The sidewalks of Lisbon are famous for their attractive, slippery mosaic tiles. They are very slick when dry and nearly lethal when wet. In many locations, the sidewalks are not well maintained, so the situation is complicated with potholes, broken stones, and collapsed curbs. Injuries are common. Traditionalists have succeeded in resisting attempts to repave the sidewalks with safer, more modern materials.


This mosaic pattern creates the illusion that the plaza is wavy. We saw something similar in Barcelona.


After the 1755 earthquake, tsunami, and fire, King Jose I was so shaken that he moved into a tent city in the foothills and left Marques de Pombal in charge of rebuilding. Pombal had the streets built on a grid, and used a colonial style of architecture that was inexpensive and easy to assemble.


Our hotel was near Pombal Square, where the marques’s many achievements are remembered with a huge monument


The older neighborhoods that were not rebuilt still have their narrow, medieval streets.


This neighborhood statue commemorates the lottery ticket salesman.


Like Paris and Barcelona, Lisbon is notable for the iron work on its balconies.
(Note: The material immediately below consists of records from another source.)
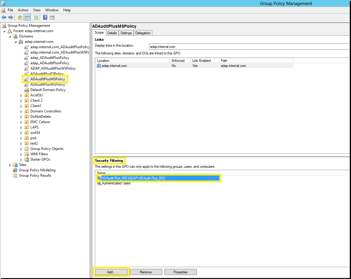 - グループ"ADAuditPlusMS"を、ポリシー"ADAuditPlusMSPolicy"の「セキュリティフィルター処理」に追加します。
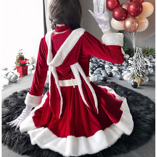 Bunny Ears Bow Knot Hooded Dress Set Christmas
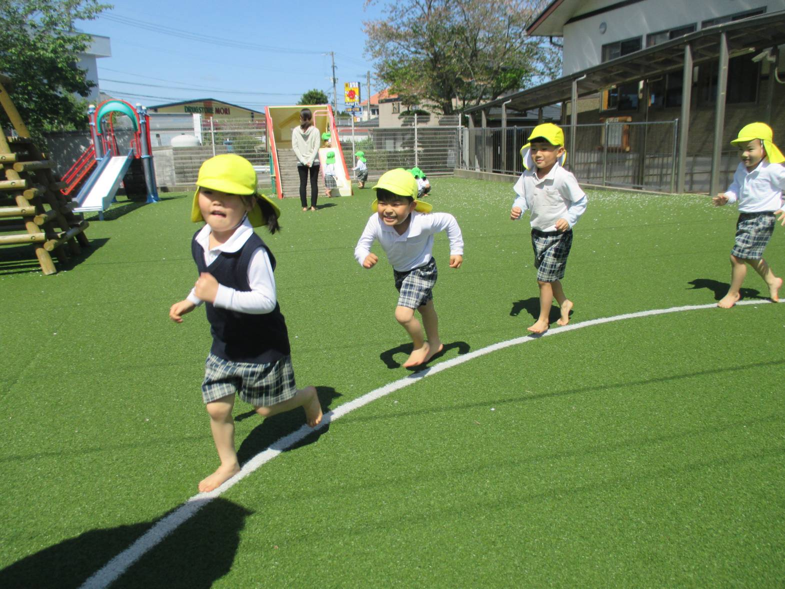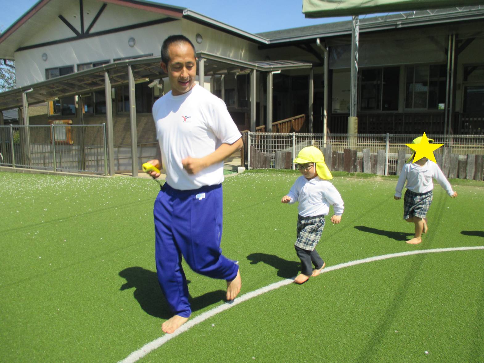 そして子どもたちが楽しみにしていた、大浦先生と鬼ごっこをしました。また大浦先生から、早く走るコツも教えてもらいました。「手をたくさん振ったら早く走れてるんだって。」、「転ばない、ぶつからない、飛び出さないの約束をしっかり守ろうね。」と、友だち同士で確認し合う姿が見られました。
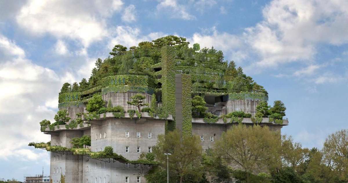 The relaunched Hamburg Bunker is now packed with two restaurants, a five-story Hard Rock Hotel and a newly built pyramid-like rooftop bar and garden from which greenery flows abundantly over the concrete facade.

Many buildings also have decorative tile work on the facades.



The church at the Monastery of Jeronimos is decorated with elaborate limestone carvings.


The monastery contains the tomb of Vasco da Gama, famed Portuguese explorer, the first European to sail to India.


This 330-foot-tall statue, modeled after the one in Rio de Janeiro, overlooks the harbor.


We were here at the end of December 2018. Our hotel had a fancy New Year's Eve party, and we enjoyed sipping champagne on the rooftop terrace as we watched the fireworks across the city.